Kategorie: Rechtsanwälte

Zur Haftung eines Kindes bei einem Verkehrsunfall

Montag, 12. März 2012

Ein Kind läuft unvermittelt auf die Fahrbahn, es kommt zum Unfall. Neben der menschlichen Tragödie stellt sich auch die Haftungsfrage.

Grundsätzlich gilt:  Kinder unter sieben Jahren haften überhaupt nicht.

Kindern zwischen sieben und zehn Jahren haften grundsätzlich nur für vorsätzlich verursachte Schäden.

Doch diese Haftungsbegrenzung entfällt  mit dem Tag der Vollendung des zehnten Lebensjahres. Hier urteilen die Gerichte nicht alle gleich.

Das OLG Celle hielt einen knapp Elfjährigen, der unvermittelt auf die Straße gelaufen war, für voll verantwortlich. Auch das OLG Hamm  sowie das Kammergericht Berlin bewerteten das sorglose Überqueren der Straße durch einen Minderjährigen als einen besonders schweren Verstoß.

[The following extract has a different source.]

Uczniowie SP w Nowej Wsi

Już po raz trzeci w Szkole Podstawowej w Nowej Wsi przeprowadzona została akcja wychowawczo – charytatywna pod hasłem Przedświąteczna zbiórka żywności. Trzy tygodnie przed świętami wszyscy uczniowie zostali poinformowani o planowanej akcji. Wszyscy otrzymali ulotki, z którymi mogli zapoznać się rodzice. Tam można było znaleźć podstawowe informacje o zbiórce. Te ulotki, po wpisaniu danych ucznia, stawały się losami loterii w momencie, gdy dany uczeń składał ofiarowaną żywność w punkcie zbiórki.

Riskant kann es bei der Haftung auch werden, wenn Kinder aktiv am Straßenverkehr teilnehmen. So erlegte das OLG Nürnberg einem zwölfeinhalb Jahre alten Jungen die volle Haftung auf, der wegen zu hoher Geschwindigkeit mit seinem Fahrrad mit einem fahrenden Pkw zusammenstieß. Auch das LG Stade hielt ein zehneinhalb Jahre altes Kind für voll verantwortlich, das bei geschlossener Bahnschranke die Gleise überquert hatte und von einem Zug erfasst wurde.

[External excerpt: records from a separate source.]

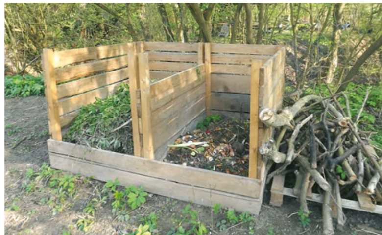
HÁZI KÉSZÍTÉSŰ KOMPOSZTKERET ALMÁSKERTBEN

Hogyan? A komposzt aljára mehet némi ágyesedék, hogy levegőzzön a halom. A kertből és konyhából kikerülő nedves zöld (pl. fűnyesedék, friss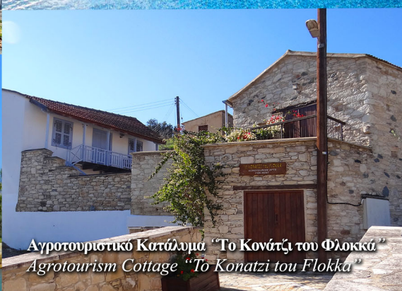
Αγροτουριστικό Κατάλυμα "Το Κονάτι του Φλοκκά" Agrotourism Cottage "To Konati tou Flokka"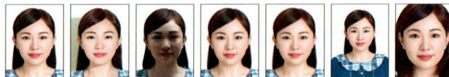
紅眼 背景有陰影 臉部陰影 解析度過低 模糊、對焦不正確 頭部比例過小 頭部過大、頭髮碰觸邊框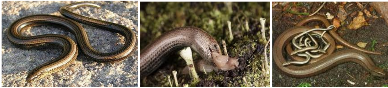
Aneccab / Orvet

Andere Gerichte wie die LG Kleve, LG Dortmund  sowie das AG Essen sehen bei Unfällen im Straßenverkehr in Kindern eher Opfer als Täter. Der Verfassungsgerichtshof Berlin argumentierte in einem Fall sogar, die Gerichte seien zum Schutz des allgemeinen Persönlichkeitsrechts der Kinder verpflichtet, bei Minderjährigen eine Haftungsbegrenzung besonders intensiv zu prüfen.

Sollte Ihr Kind in einem Verkehrsunfall verwickelt sein, empfiehlt es sich, einen im Verkehrsrecht versierten Rechtsanwalt zu Rate zu ziehen. Nur dieser kann die Haftungsfrage richtig einschätzen und bestehende Ansprüche geltend machen. Die SG Rechtsanwälte beraten Sie gerne, auch ohne zeitaufwendigen Kanzleibesuch!

 

Geschwindigkeitsüberschreitungen, Alkohol am Steuer und Drogen – Ergebnis des Blitzmarathons in NRW

Sonntag, 12. Februar 2012

Laut Auskunft des Ministeriums waren in der Aktionszeit insgesamt 250 Autofahrer so schnell, dass ihnen ein Fahrverbot droht. Acht von ihnen mussten den Führerschein sogar an Ort und Stelle abgeben. 31 Autofahrer waren alkoholisiert oder standen unter Drogeneinfluss. 307 hatten sich nicht angegurtet.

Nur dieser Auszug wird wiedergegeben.